With the market more fiercely competitive than ever, some of us are considering getting a resale condominium. However, the process to do so seems daunting and complex - to know what you need to do, here is a nifty timeline you can refer to:
Step 1: Set your budget
You might be already aware, but buying a condominium does not solely rely on the property purchase price. When it comes to home loans and monthly repayments, there are other restrictions put in place as well.
For example, you will need to make sure to adhere to the following:
Loan-to-Value (LTV) ratio
Total Debt Servicing Ratio (TDSR)
LTV ratio refers to the maximum amount an individual can borrow from a Financial Institution (FI) for a housing loan. It is usually a percentage of the property’s value, where the remaining amount will have to be paid entirely for
TDSR is the ratio where new mortgages cannot cause borrowers’ total monthly loan repayment to exceed a certain percentage of their total gross income. In the past, it was at 60%. However, with the recent tightening of the TDSR, the threshold has decreased from 60% to 55%.
There are also other costs that you must consider as well:
Buyer’s Stamp Duty (BSD)
Additional Buyer’s Stamp Duty (ABSD)
BSD is the tax payable on the property bought. The amount is determined to be the higher amount between purchase price or property valuation.
ABSD is another layer of tax payable on the property bought, and is increasingly higher depending on the number of properties you own. The percentage of ABSD will also depend on your residency status (e.g. Singaporean / Permanent Residents / Foreigners).
To know more details of the exact calculations you should make, reach out to us to get a comprehensive budget analysis and projections of your monthly payables.
Step 2: Secure your In-Principle Approval (IPA)
To get a good estimate of your maximum loan quantum, you can reach out to a Financial Institution to know how much they are willing to loan when you purchase a home. They will determine the amount based on your credit history, income, savings and more. The process can take as fast as a week or as long as a month. We encourage you to submit as many supporting documents as possible, so that the estimate will be accurate. This will let you have a good sensing of how much you can rely on loans, and how much you will have to fork out on your own.
If you are unsure of how to proceed with securing your IPA, you can also reach out to us to get our assistance to help you process this.
Step 3: Find your dream unit, but practice caution when picking one
At this point, with a clear budget on hand, you can go ahead to find a unit to your liking. If you are unsure of where to start, you can start by knowing what your needs are. How many rooms do you need for your family? What kind of amenities would you envision to have? What are the facilities (schools / hospitals) that you want to be near to?
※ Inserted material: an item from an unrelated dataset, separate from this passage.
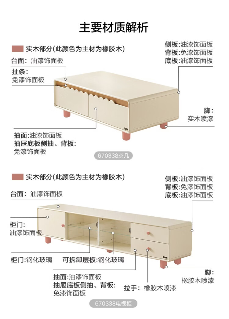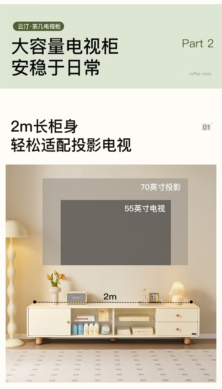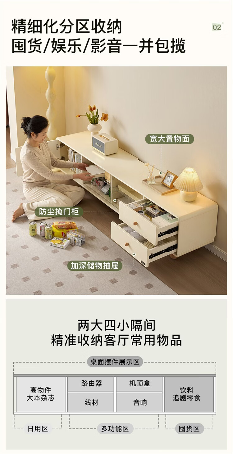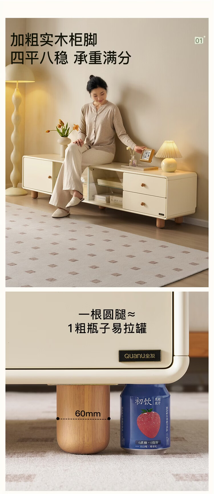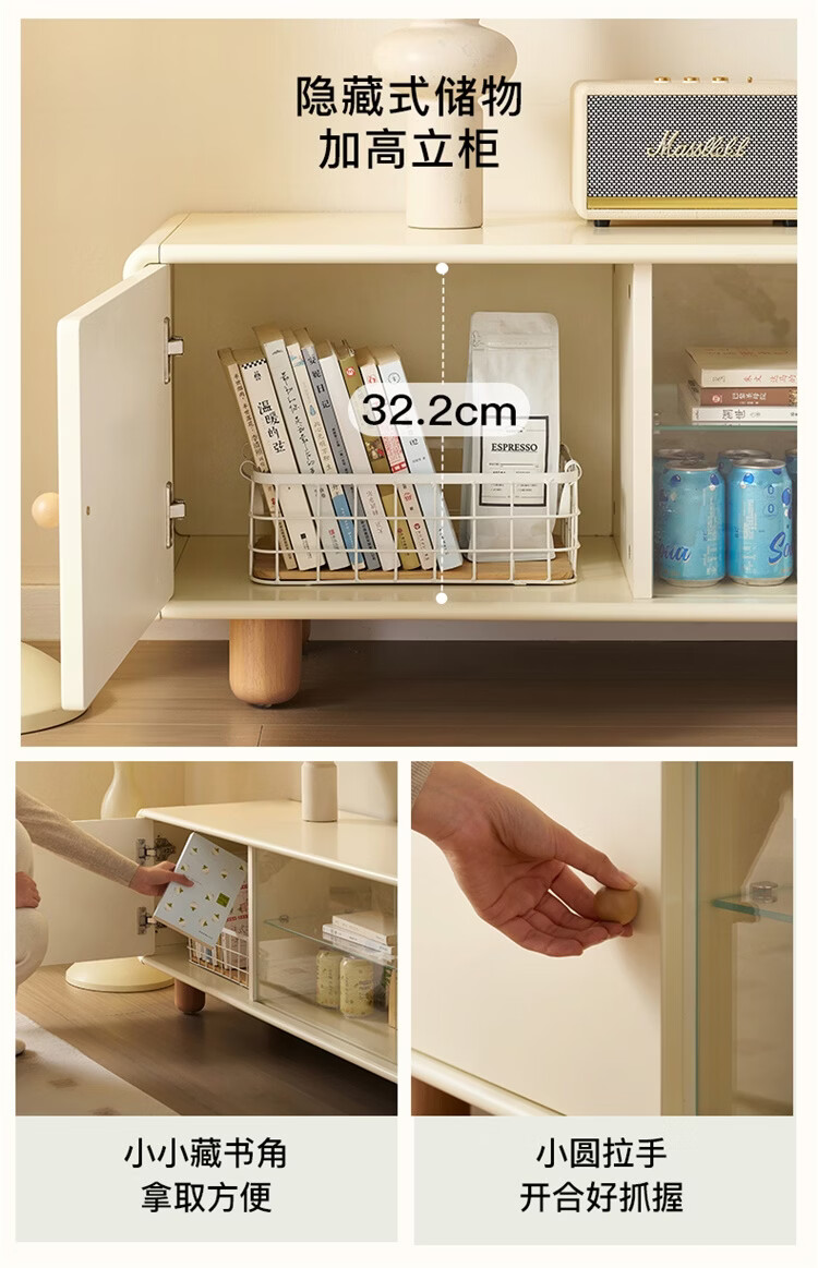 全友家居原木奶油风茶几电视柜组合家用储物收纳桌置物柜加宽实木脚 【奶油白+原木色】茶几

Do your research on the above, and you will get a direction of where you should start looking at. After narrowing down your choices, pick the ones you are interested in to schedule for viewing. Schedule an appointment with the homeowners, and make sure to conduct a comprehensive viewing (both day and night!) to get a full understanding of how living there would be like.
Step 4: Kickstart negotiations and make an offer
With a preferred unit in mind, do your market analysis and know what the prices within the area are. Take the surrounding developments and future master plans into consideration, and get a rough understanding of how much you should offer. Once the negotiations conclude and the owner accepts your offer, you will be granted the Option to Purchase (OTP).
Step 5: Get professional help
From here on, you will need to exercise your OTP through the assistance of a lawyer. This is because there needs to be a legal transfer of home ownership from the original owner to you. If you are not sure which law firm to approach or lawyer to engage, you can also reach out to us and our professional team that will help you process these procedures.
Step 6: Pay option fee
Once the OTP is finalised, you will then need to make the payment of option fee (approximately 1% of the purchase price) to the seller. With this concluded, the seller will no longer be allowed to issue the OTP to other interested parties.
You will then have 14 days to exercise the OTP, and you will need to pay the subsequent 4% down payment. If you did not exercise it in time, the 1% previously paid will be forfeited and you will lose the OTP. Make sure to do this step promptly to avoid unnecessary delays.
Step 7: Pay all your dues
At this juncture, you will need to make a handful of payments:
Buyer’s Stamp Duty
Additional Buyer’s Stamp Duty
Legal Fees
These payments will need to be made within 14 days from the exercise of OTP. Again, make sure to do this step promptly to avoid unnecessary delays.
Step 8: Congratulations on securing your dream home!
With the payments made and home loan disbursed, get your keys and get ready to enter your dream home!